На ужине, помимо самих Говардов, бабули и родителей Фила, присутствовала его сестра Селеста и брат Мадлен – лопоухий Кристофер с невестой Розой. Кристофер впервые пригласил ее на семейное мероприятие, что свидетельствовало о серьезности их планов на год. Он, как и Фил, был белокож, светловолос и в обществе довольно застенчив, а сейчас еще и скован в движениях. Зато Роза – красивая мулатка с редким серым оттенком глаз – наоборот, держалась довольно расслабленно.
На длинном столе в гостиной вперемешку с канделябрами и цветами располагались вазы с фруктами, фарфоровые чашки, молочник и этажерка с пирожными и кексами. И все было довольно предсказуемо и привычно, непривычным оказалось лишь еще одно лицо за семейным застольем. А именно Алекс.
– Воры должны сидеть, – громко говорил он с нарочитым американским акцентом и обращаясь почему-то к Розе, – и желательно за решеткой. И желательно делать там что-то полезное, а то большинство проблем, знаете ли, от безделья.
И, будто мало было акцента, Алекс еще и оделся странновато – в байкерскую кожаную куртку и кожаные же штаны. Его появление сулило неожиданный поворот для привычного семейного вечера, вплоть до непрогнозируемого хаоса, и Фил от расстройства, сев за стол, сразу же отпил горячего глинтвейна из термостойкого стеклянного стакана. Он не любил смешивать рабочие и семейные моменты – обычно из этого не выходило решительно ничего хорошего.
Слуга бесшумно и оперативно поставил перед ним тарелку с говяжьим языком и черносмородиновым муссом. Филипп кивнул с признательностью – он целый день почти не ел – и взглянул на своих родителей и сестру Селесту как будто со стороны, как посмотрел бы человек с улицы.

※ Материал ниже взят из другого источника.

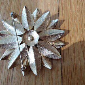 Vintage Flower Brooch Gold Tone Sunflower Daisy Sarah Coventry Statement Jewelry
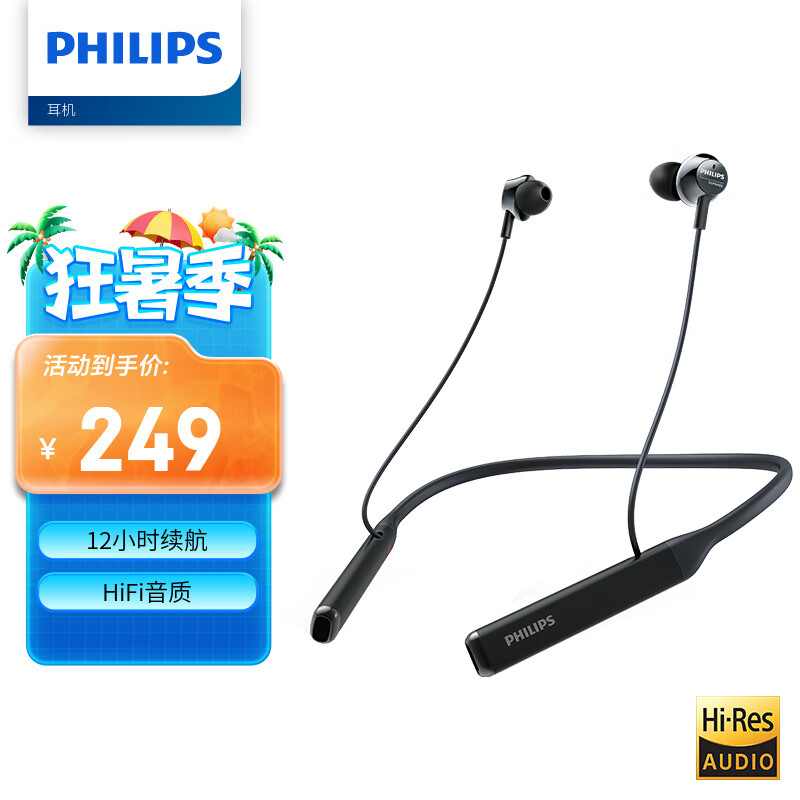 飞利浦(PHILIPS)无线蓝牙耳机颈挂式耳机HiFi耳机 快充Hi-Res高解析苹果华为小米安卓手机通用TAPN402黑价格:249.00元!
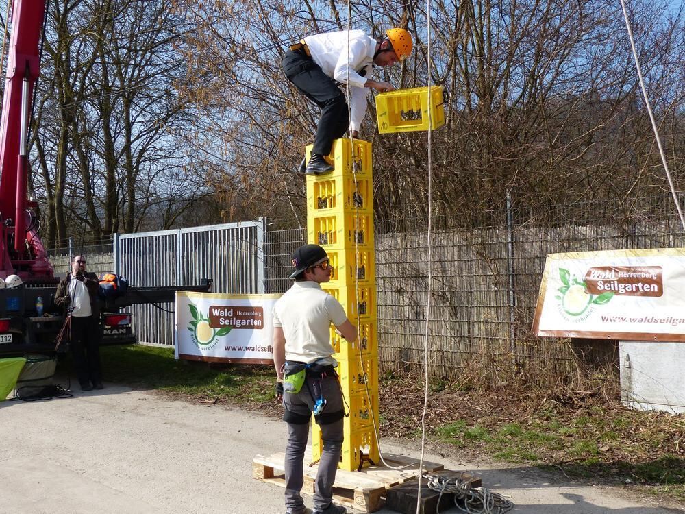 Tübingen ist nicht Babel: Aber OB Boris Palmer zeigte auch beim Kistenbau, dass er hoch hinaus will. FOTO: RAPHAELA WEBER
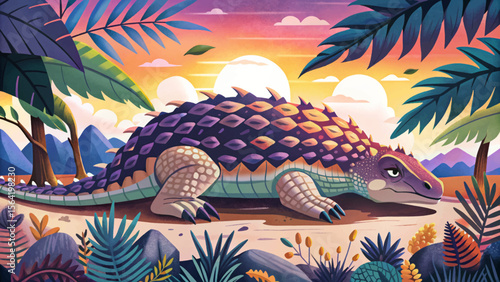 Dinosaur in the habitat. Vector Illustration Of Ankylosaur
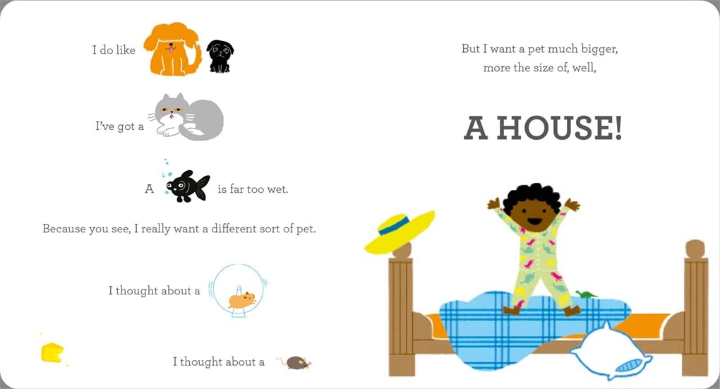 A little girl dreams of having her very own pet. But what kind of animal would make the best companion? A mouse is too small, a cat is too ordinary, and a fish is too . . . wet! As she plays with her toy dinosaur, inspiration strikes. What about a real, live dinosaur? She could ride it to school. It would need lots of food to eat, a swimming pool to drink from, and a dino flap so it could come and go!
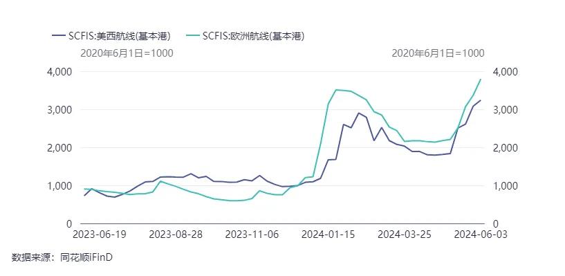 据上海证券报,上海航运交易所6月3日公布数据,上海出口集装箱结算运价指数(SCFIS)欧洲航线与美西航线双双上涨,且均创出今年以来新高:
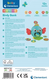 A Clementoni márkájú, madárka formájú, bájos persely játékosan segíti a gyerekeket a pénzügyi tudatosság fejlesztésében. Praktikus nyílással rendelkezik az érmék bedobásához, könnyen kiüríthető, és minőségi, biztonságos anyagokból készült. Remekül megállja a helyét eredeti ajándékként és gyerekszobai dekorációként is.
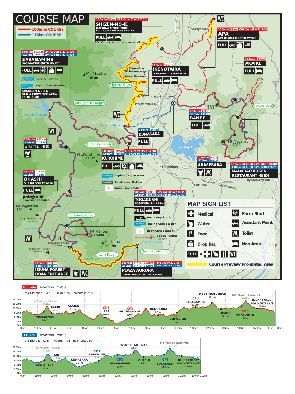 100mile: 7 locations (excluding Akaike and Ohashi Forest Road), 110km: 4 locations (excluding Kumasaka and Ohashi Forest Road)
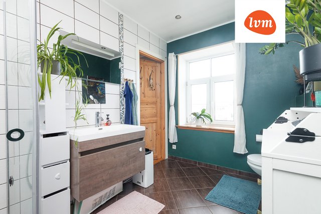 - WC-istuin, suihku, suihkuseinä, pesukone, peili, pesuallas, allaskaappi, ja lattialämmitys
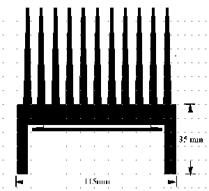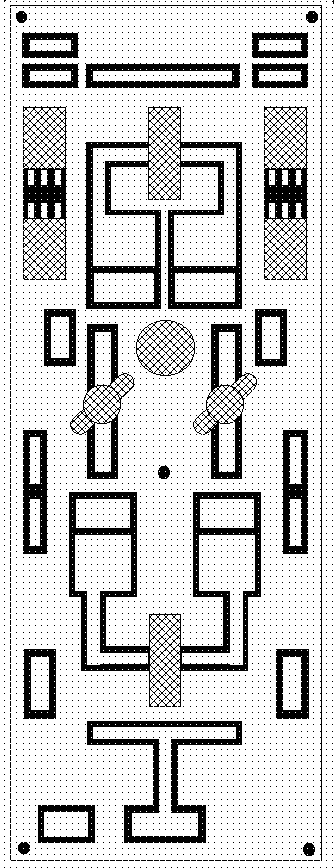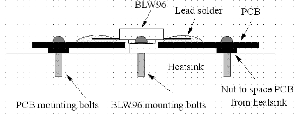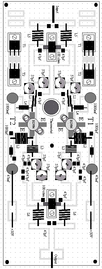 As shown in Figure 3, the two amplifiers use quite conventional low-pass L-matching circuits to match to the 50 Ohm inputs and outputs of the Wilkinson power splitter/combiner. 'the design of these circuits is beyond the scope of this article has been covered elsewhere. What I would like to concentrate on is physical design issues that need to be taken into consideration when building an amplifier of this power. Figure 4 shows the PCB layout at half full size. To reproduce, just pass it through a photocopier on x2 Figure 4 -PCB at 1/2 Full Size magnification. The length of the board should be 27 cm. The PCB uses standard double-sided copperclad board. The cross-hatched areas are cut out holes in the PCB to allow the BLW96s, bias transistors, thermostat, and the power splitter resistors to be bolted to the underlying heatsink. The black areas are not etched but cut out using a sharp knife. and a steel ruler. These gaps provide isolation between the pads and the ground plane Bearing in mind the high voltages in the output circuitry especially, make sure they are not less than 2mm wide. A flashover... well I do not need this further! The PCB is mounted on the heatsink as shown in Figure 5. The BLW96 is bolted to the heatsink using 6BA screws and heatsink compound. In this design especially make sure that the transistors are firmly bolted to the heatsink, and that there are no chamfers on the bolt holes. Going from zero to I kilowatt in less than a microsecond presents a rather high thermal and physical stress to the devices!

У мамы были темно-каштановые волосы, убранные сегодня, как и обычно, в высокую аккуратную прическу, и создавалось ощущение, что из всей косметики она пользовалась только белилами и карандашами для губ и бровей – и при этом выглядела еще довольно свежо. У отца до сих пор была светлая густая шевелюра, в которой, может, и пробивались серебряные нити, но на общем белесом фоне это было незаметно. Его лицо было привычно загорелым – ведь большую часть года он проводил на свежем воздухе, в их поместье Мастерфилде. Он бы тоже выглядел моложе своих лет, если б не глубокие морщины на лбу. Селеста пошла в маму цветом волос и привычкой строго поджимать тонкие губы, а вот ее курносый нос и веснушки, которые она тщетно пыталась замазать, были неизвестно в кого.
Отец, Кристофер и Перси были одеты в костюмы без галстуков, а на Филиппе красовались синие джинсы и оранжевый свитер с оленями, который связала бабуля. Заметив на нем свое творение, бабуля чуть заметно наклонила голову.
– Всем привет, – сказал он, – надеюсь, вы хорошо съездили.
– Добрый вечер, Филипп, – суховато отозвалась мама, – да, нам повезло с погодой. Надеюсь, в следующий раз ты составишь компанию. А Персиваль пригласил на ужин своего знакомого из управления – знакомься, мастер37 Александер. Мастер Александер, это наш старший сын Филипп. – По ее светскому тону никак нельзя было бы догадаться о том, что она не очень-то одобряет службу Персиваля. Да и в целом подвижный живчик Перси смотрелся как-то чужеродно в кругу неторопливой жениной родни.
– Скажите, Александер, – вступил в разговор отец Фила, – как в вашем управлении смотрят на проблему бездомных?
– С беспокойством, – ответил Алекс. Подумал и уточнил, хотя и так же кратко: – Мы наблюдаем.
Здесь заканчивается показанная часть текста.